I tak sobie żyliśmy, nie? A co! W końcu przyjazna atmosfera była podstawą, by każdy czuł się dobrze w tym cyrku. A na szczęście wyglądało, że tak jest. I miałam nadzieję, że tak pozostanie już do samego końca, co przełoży się na pozytywny wynik na mistrzostwach. Bardzo bym tego chciała, bo ci faceci zasługiwali na to jak nikt inny.

                                                                                 *~*
Mam nadzieję, że nadal się podoba.

sobota, 4 lipca 2015

Absurd dwudziesty trzeci.



Czas płynął coraz szybciej, powodując że wielkimi krokami zbliżaliśmy się do najważniejszej w tym sezonie reprezentacyjnym imprezy  - Mistrzostwa Świata. Każdy z chłopaków powoli zaczynał się denerwować, tym bardziej że każdy z nich chciał się pokazać z jak najlepszej strony. Wszyscy mieliśmy ten sam cel – osiągnąć to, co w polskiej siatkówce udało się tylko raz, choć kiedyś także było blisko – wygrać i zostać mistrzem. Plan teoretycznie wydawał się być prosty, wystarczyło grać jak najlepiej, osiągając pełnię swoich możliwości. Jednak w praktyce sprawa nie była już taka łatwa. Wszyscy, łącznie ze mną, czuliśmy płynącą zewsząd presję. W końcu każdy oczekiwał od nas, że na własnej ziemi zdobędziemy mistrzostwo. Cała ta sytuacja powodowała, że atmosfera z każdym kolejnym dniem stawała się coraz bardziej napięta. Nie raz dochodziło do scysji między siatkarzami, do zażartych wymian poglądów i tak zwanych cichych dni.
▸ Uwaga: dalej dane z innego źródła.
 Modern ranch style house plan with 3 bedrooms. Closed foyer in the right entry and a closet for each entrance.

Jednak nikt nie miał do siebie jakichś większych żalów, w końcu wszyscy doskonale rozumieli, że niesnaski wynikają z ogólno panującego stresu. Ja zaś zdawałam sobie sprawę, że teraz wszystko leży w moich i Kuby rękach. To my musieliśmy zadbać o to, by polscy siatkarze wytrzymali trudy turnieju i nie spalili się psychicznie w jego najważniejszych momentach.
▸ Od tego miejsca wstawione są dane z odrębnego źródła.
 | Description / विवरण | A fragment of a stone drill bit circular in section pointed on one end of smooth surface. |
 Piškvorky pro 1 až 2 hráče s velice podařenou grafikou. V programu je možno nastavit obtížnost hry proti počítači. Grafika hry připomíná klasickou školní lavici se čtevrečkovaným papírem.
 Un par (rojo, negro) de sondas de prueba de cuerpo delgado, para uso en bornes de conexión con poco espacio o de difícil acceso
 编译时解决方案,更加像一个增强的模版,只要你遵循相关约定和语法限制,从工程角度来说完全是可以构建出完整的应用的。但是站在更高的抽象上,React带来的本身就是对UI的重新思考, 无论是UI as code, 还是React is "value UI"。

- Czyli co proponujesz? – zapytałam Kuby podczas jednej z naszych rozmów na temat przygotowania psychicznego chłopaków.
- Trening mentalny – rzucił. – To ostatnia szansa by im go wprowadzić, w końcu nie zostało zbyt wiele czasu do mistrzostw.
- A na czym on polega? Mógłbyś rozwinąć? – poprosiłam.
- Trening mentalny to
trening nad umysłem, który prowadzi do zwiększania skuteczności ciała poprzez wizualizację, auto-hipnozę, medytację czy techniki oddechowe. Miałby im pomóc w pełni wykorzystać ich potencjał i uzyskać kontrolę nad emocjami podczas wykonywania zadań, czyli w ich przypadku gry.
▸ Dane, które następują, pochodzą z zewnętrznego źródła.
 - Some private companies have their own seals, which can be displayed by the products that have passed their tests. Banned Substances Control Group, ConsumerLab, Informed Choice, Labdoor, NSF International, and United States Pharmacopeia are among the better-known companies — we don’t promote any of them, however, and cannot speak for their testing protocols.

- Brzmi zachęcająco – stwierdziłam. – Myślisz, że im to pomoże?
- Na pewno nie zaszkodzi – uznał Bączek, puszczając do mnie oczko.
- Rozmawiałeś już o tym ze Stefanem?
- Wspomniałem mu, że myślę o czymś takim, ale muszę się jeszcze skonsultować z tobą.
- Ze mną? Po co? – zapytałam zaskoczona.
- Chciałbym, żebyś mi pomogła – odparł pewnie.
- Naprawdę?
- Jasne. Posiądziesz dodatkową wiedzę, a ja będę miał wsparcie. Sama wiesz jak to jest z chłopakami – to takie duże dzieci, nigdy nie wiesz czego możesz się po nich spodziewać.
- Racja – zgodziłam się z nim. – Kiedy chciałbyś zacząć?
- Może od jutra? – zapytał. – Dzisiaj porozmawiałbym z trenerem i jeżeli się zgodzi, moglibyśmy wziąć się do roboty.
- Mi pasuje – uśmiechnęłam się. – Jeszcze tylko jedno pytanie.
- Mianowicie?
- Planujesz pracę z całym zespołem czy indywidualnie z każdym zawodnikiem?
- A ty co proponujesz?
- Wydaje mi się, że możemy wykorzystać oba sposoby. W końcu nie zawsze jest tak, że chłopaki chcą gadać o każdej sprawie na forum, więc takie indywidualne rozmowy też by się przydały – stwierdziłam niepewnie.
- Myślę dokładnie tak samo – uśmiechnął się. – To co, ja idę porozmawiać z Antigą, a jeśli zgodzi się na naszą propozycję to od jutra zaczynamy działać. Umowa stoi? – zapytał jeszcze, wyciągając do mnie dłoń.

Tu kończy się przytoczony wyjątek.